What is native code?
Native code is binary data compiled to run on a processor, such as an Intel x86-class processor. The code is written in all 1s and 0s that must conform to the processor's instruction set architecture (ISA). Native code provides instructions to the processor that describe what tasks to carry out. All instructions must be submitted to a processor as native code because it's the only language it can understand. Native code is also referred to as machine code or machine language.
Each CPU includes an ISA that specifies what the processor can do. The ISA is built into the CPU as part of its microarchitecture and serves as an interface between the computer's hardware and software. The ISA defines the set of commands that can be performed by the CPU. The machine code must be compiled or assembled specifically for the processor's architecture and ISA. Two of the most common types of ISAs are complex instruction set computer (CISC) and reduced instruction set computer (RISC).
Some computers include an emulator that makes it possible to run a program whose machine code wasn't created for that specific architecture. In such a case, the computer emulates the program's original target processor by running the program in emulation mode on the new processor. When emulation is used, the program usually runs more slowly than it would in native mode on the original processor. Alternatively, the program can be rewritten and recompiled so that it runs on the new processor in native mode.

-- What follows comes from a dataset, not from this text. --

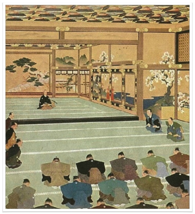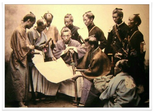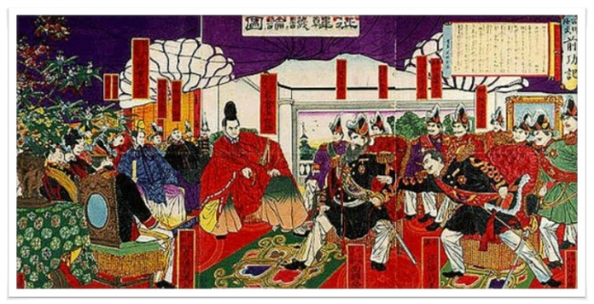 메이지 유신때 막부(바쿠후)파와 반막부파 간에 벌인 보신전쟁. 반막부파의 작전회의 모습

How is native code generated?
The way in which machine code is generated varies from one environment to the next, depending on the nature of the software. The process often starts with a high-level programming language such C, C++, C#, Visual Basic (VB), Java, Python, Swift, Go, PHP or one of many others. The source code created in one of these languages is converted to machine code, either directly or through one or more intermediary steps.
One approach is to use a compiler to convert the source code to assembly code and then use an assembler to generate the machine code. The machine code might then be fed into a linker that produces an executable file containing the machine code. The graphic below provides an overview of the source code conversion process.
What other approaches generate machined code?
This isn't the only approach to generating machine code. The .NET Framework, for example, uses language-specific compilers to convert source code to Intermediate Language (IL), which is then submitted to the Common Language Runtime (CLR).
The CLR contains a just-in-time compiler (JIT) to convert IL code into machine code for the target platform. Together, the CLR and JIT compiler help to improve application performance, while offering numerous other benefits, such as support for custom attributes, structured exception handling, and explicit free threading for multithreaded and scalable applications.
Java takes a similar approach to the .NET languages. From the Java source code, the compiler generates bytecode, which is then fed into the Java virtual machine (JVM) running on a target system. The JVM is part of the Java Runtime Environment (JRE). It interprets the bytecode and converts it to machine code specific to the target processor architecture. The JVM also includes a JIT compiler for processing the bytecode, which yields better application performance.
Not all software begins with a high-level programming language. Some start with an assembly language, which is considered a low-level language. Like a high-level language, an assembly language is written in plain text and is human readable.
Short descriptive words, known as mnemonics, are used to represent each instruction. For example, in the x86 assembly language, add means add, sub means subtract and inc means increase by one. An assembler is used to convert the assembly language to machine code.